* Exercise material:
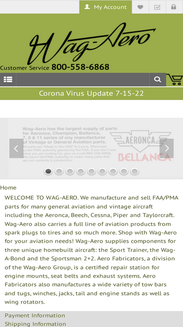 100%welcome to wag-aero. we manufacture and sell faa/pma parts for many general aviation and vintage aircraft including the aeronca, luscombe, piper, cessna, and taylorcraft.
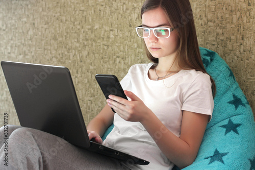 Girl with a phone and a computer. Freelance. Beautiful girl sitting on internet using smartphone. Girl works at home
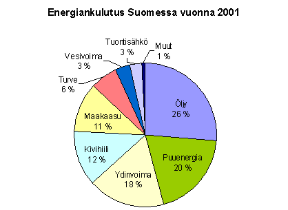 Suomessa käytettävästä energiasta vajaa kolmasosa saadaan omasta maasta puun, turpeen, veden, tuulen, auringon, biokaasun ja maalämmön avulla. [2]
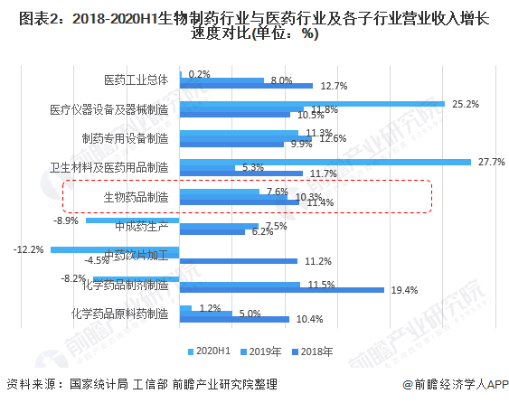 相对于整个医药行业和其它材几帮转里值占主流的子行业来说,生物制药是一个市场份额较之宽低的小行业,但是它的发展潜力却是非常巨大的,行业发展速度较快。2019年我国生物制药行业营收增速达到10.3%,2020上半年达到7.6%,均高于同期医药行业整体增速及原料药制造、中成药等医药子行业增速。
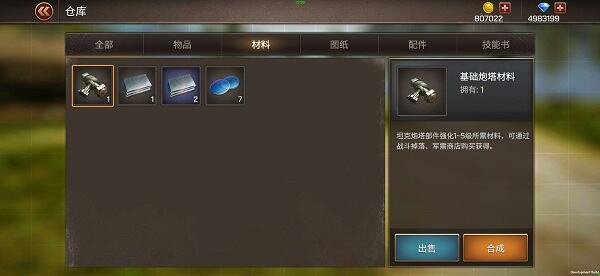 材料:用来存放各种品质的材料,也可以用来合成高品质材料,或者出售材料获取金币。最高品质的材料没有合成按钮。
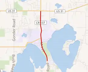 - Michigan Department of Transportation & V3 Consultants (August 31, 2001). "Grand Traverse County" (PDF) (Map). Right-of-Way File Application. Scale not given. Lansing: Michigan Department of Transportation. Sheet 24. Retrieved June 25, 2012.
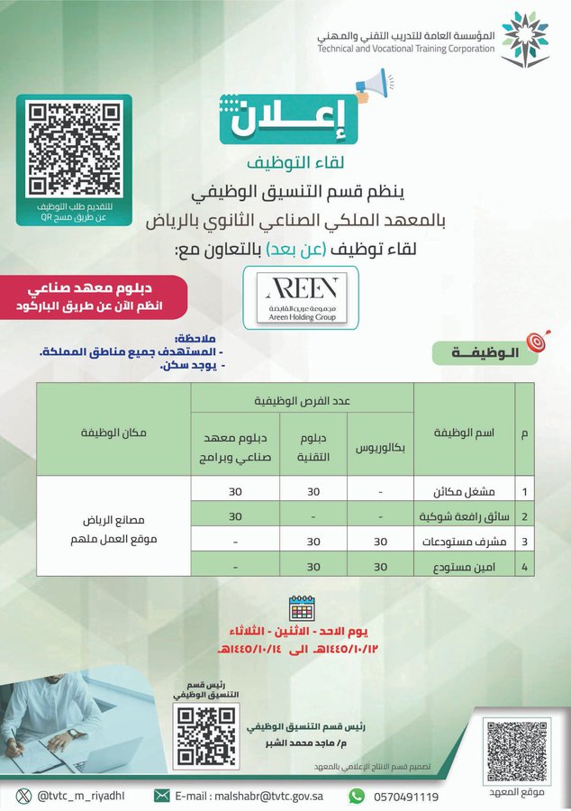 المعهد الملكي الصناعي الثانوي بالرياض يعلن عن توفر 210 وظيفة من خلال ملتقى التوظيف (عن بعد) وذلك حسب التفاصيل الموضحة أدناه:-
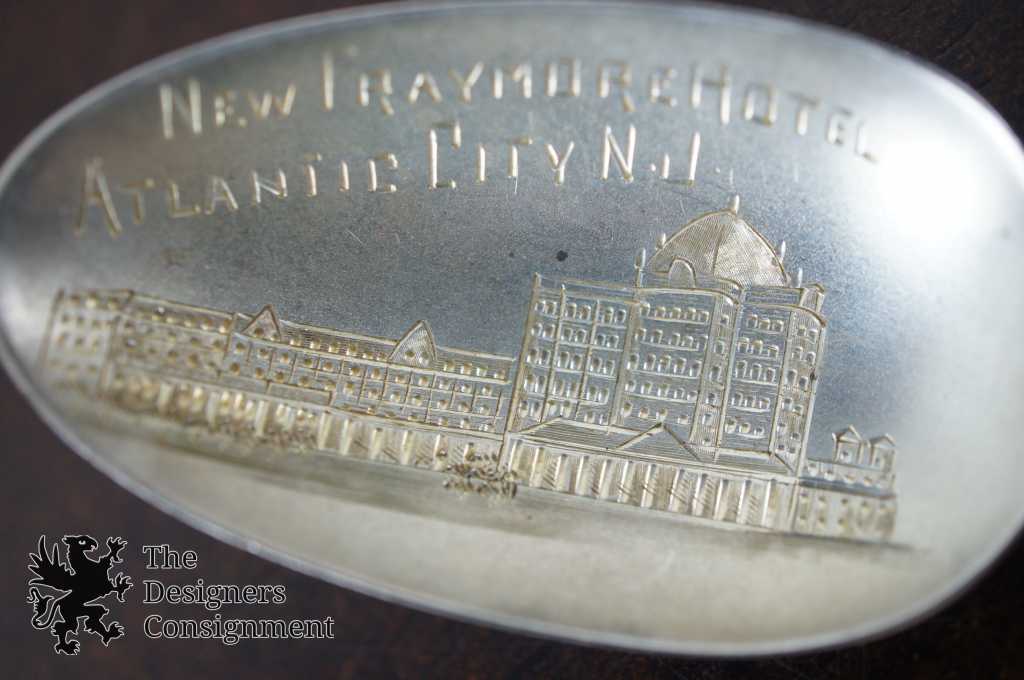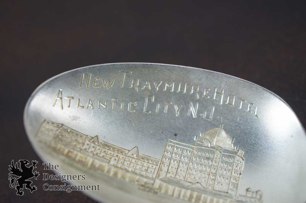 Here is a great piece of Atlantic City history. This sterling silver spoon features a hand etched depiction of the "New" Traymore Hotel circa the late 1890s-1910. Made by R. Wallace and Sons Mfg. Co.
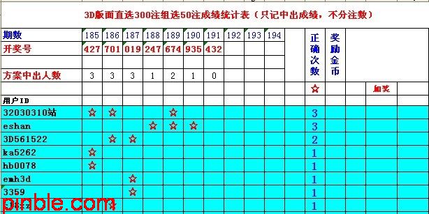 3D版面192期 直选300注组选50注专帖 Post By:2010-07-17 20:14:00
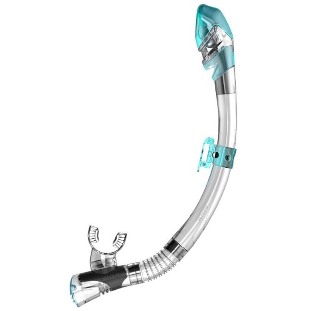 Lo snorkel può avere una valvola di spurgo che aiuta vuotarlo se entra acqua. Se non la ha, basta soffiare nel tubo.
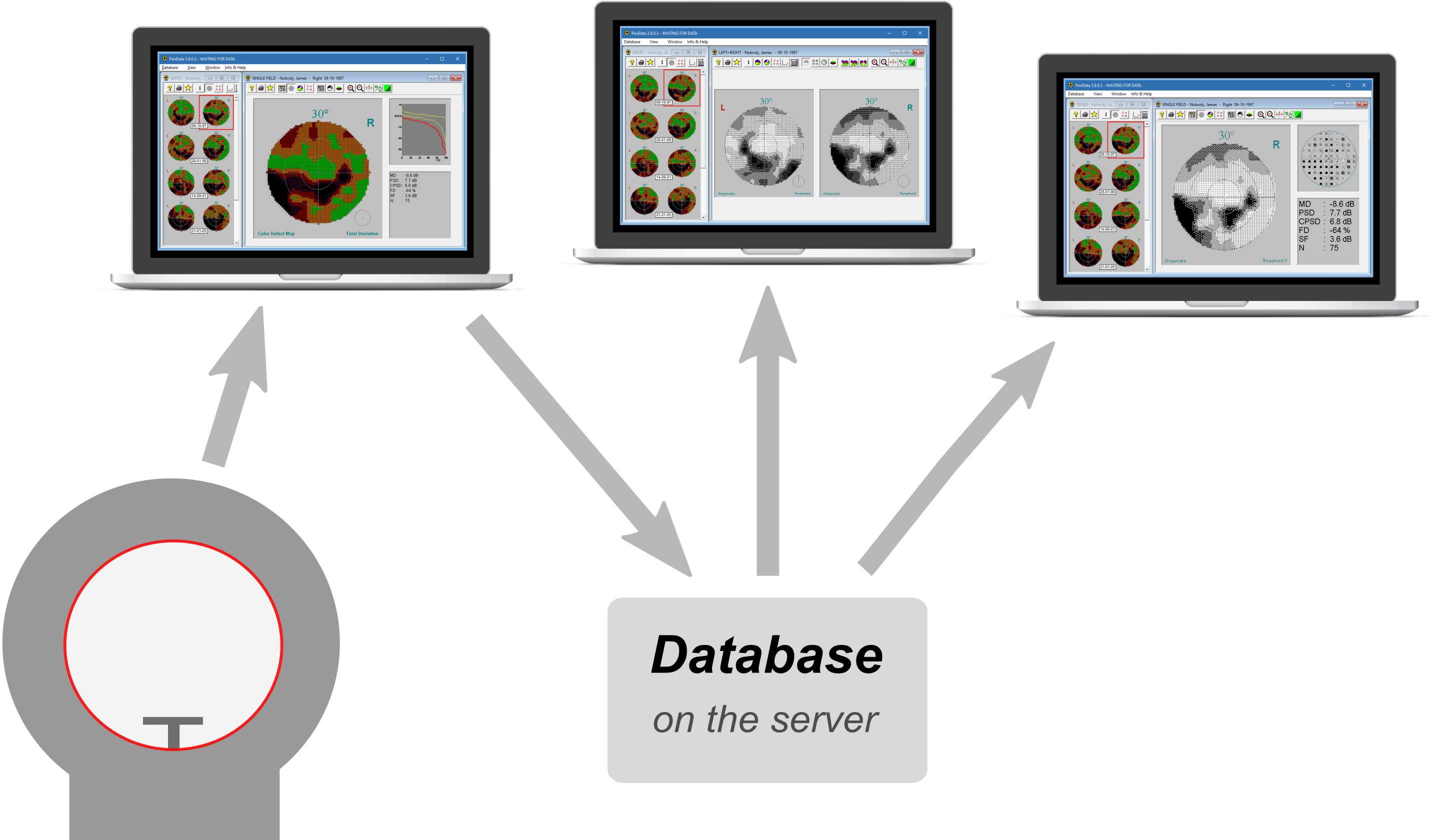 At the end of a visual field examination, most perimeters send the data automatically when the SAVE button is pressed. Some perimeters require a mouse click. The transmission takes 1 - 3 seconds. PeriData
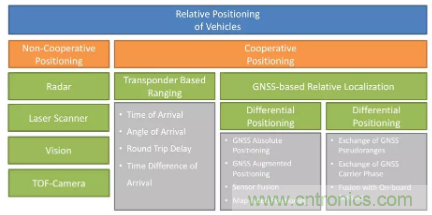 用于車輛相對定位的測距傳感器和技術可以概括為下圖,首先分為兩大類:非協(xié)作式定位和協(xié)作式定位。非協(xié)作式定位包括:雷達、激光掃描儀、視覺和TOF攝像機;協(xié)作式定位包括:基于轉發(fā)器的測距(根據(jù)射頻信號直接估算相對距離)和基于GNSS的相對定位(通過通訊的方式傳遞GNSS測得的位置相關信息,包括GNSS解算得到的位置和原始的GNSS信息,如偽距)。具體對各個定位技術的介紹請參見原文,限于篇幅,本譯文只進行部分翻譯,著重于定位需求的分析以及對各個定位技術的評價。
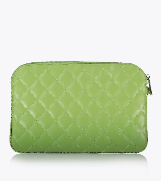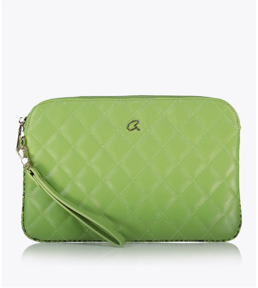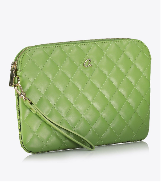 Bolso de mano acolchado para mujer confeccionado en piel sintética de alta calidad. Cuenta con un compartimento principal y una correa de asa desmontable. Se cierra con cremallera. Logotipo metálico con una "a" en la parte delantera.
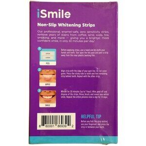 Remove stains with iSmile extra strength teeth whitening strips containing enamel-safe hydrogen peroxide and natural stain removing oils, allowing you to whiten while enjoying a delicious flavor from mint oil, included in each strip. These professional, non-slip, enamel-safe, zero sensitivity strips, remove years of stains from coffee, wine, soda, tea, smoking, and more — giving you a brighter, more confident smile, in only 30 minutes per day!
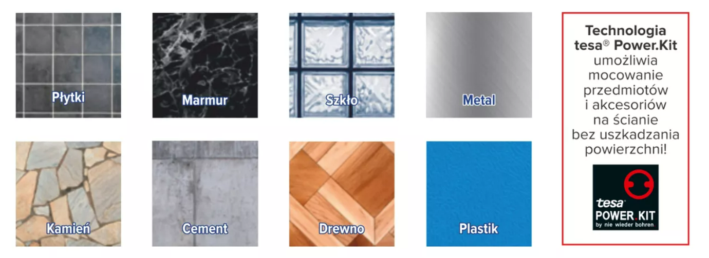 Простий монтаж аксесуарів для ванної кімнати tesa® можливий завдяки запатентованій технології Power.Kit.

* Task brief:
Copy the records above exactly, leaving out every picture.

* Answer for the task:
 100%welcome to wag-aero. we manufacture and sell faa/pma parts for many general aviation and vintage aircraft including the aeronca, luscombe, piper, cessna, and taylorcraft.
 Girl with a phone and a computer. Freelance. Beautiful girl sitting on internet using smartphone. Girl works at home
 Suomessa käytettävästä energiasta vajaa kolmasosa saadaan omasta maasta puun, turpeen, veden, tuulen, auringon, biokaasun ja maalämmön avulla. [2]
 相对于整个医药行业和其它材几帮转里值占主流的子行业来说,生物制药是一个市场份额较之宽低的小行业,但是它的发展潜力却是非常巨大的,行业发展速度较快。2019年我国生物制药行业营收增速达到10.3%,2020上半年达到7.6%,均高于同期医药行业整体增速及原料药制造、中成药等医药子行业增速。
 材料:用来存放各种品质的材料,也可以用来合成高品质材料,或者出售材料获取金币。最高品质的材料没有合成按钮。
 - Michigan Department of Transportation & V3 Consultants (August 31, 2001). "Grand Traverse County" (PDF) (Map). Right-of-Way File Application. Scale not given. Lansing: Michigan Department of Transportation. Sheet 24. Retrieved June 25, 2012.
 المعهد الملكي الصناعي الثانوي بالرياض يعلن عن توفر 210 وظيفة من خلال ملتقى التوظيف (عن بعد) وذلك حسب التفاصيل الموضحة أدناه:-
 Here is a great piece of Atlantic City history. This sterling silver spoon features a hand etched depiction of the "New" Traymore Hotel circa the late 1890s-1910. Made by R. Wallace and Sons Mfg. Co.
 3D版面192期 直选300注组选50注专帖 Post By:2010-07-17 20:14:00
 Lo snorkel può avere una valvola di spurgo che aiuta vuotarlo se entra acqua. Se non la ha, basta soffiare nel tubo.
 At the end of a visual field examination, most perimeters send the data automatically when the SAVE button is pressed. Some perimeters require a mouse click. The transmission takes 1 - 3 seconds. PeriData
 用于車輛相對定位的測距傳感器和技術可以概括為下圖,首先分為兩大類:非協(xié)作式定位和協(xié)作式定位。非協(xié)作式定位包括:雷達、激光掃描儀、視覺和TOF攝像機;協(xié)作式定位包括:基于轉發(fā)器的測距(根據(jù)射頻信號直接估算相對距離)和基于GNSS的相對定位(通過通訊的方式傳遞GNSS測得的位置相關信息,包括GNSS解算得到的位置和原始的GNSS信息,如偽距)。具體對各個定位技術的介紹請參見原文,限于篇幅,本譯文只進行部分翻譯,著重于定位需求的分析以及對各個定位技術的評價。
 Bolso de mano acolchado para mujer confeccionado en piel sintética de alta calidad. Cuenta con un compartimento principal y una correa de asa desmontable. Se cierra con cremallera. Logotipo metálico con una "a" en la parte delantera.
 Remove stains with iSmile extra strength teeth whitening strips containing enamel-safe hydrogen peroxide and natural stain removing oils, allowing you to whiten while enjoying a delicious flavor from mint oil, included in each strip. These professional, non-slip, enamel-safe, zero sensitivity strips, remove years of stains from coffee, wine, soda, tea, smoking, and more — giving you a brighter, more confident smile, in only 30 minutes per day!
 Простий монтаж аксесуарів для ванної кімнати tesa® можливий завдяки запатентованій технології Power.Kit.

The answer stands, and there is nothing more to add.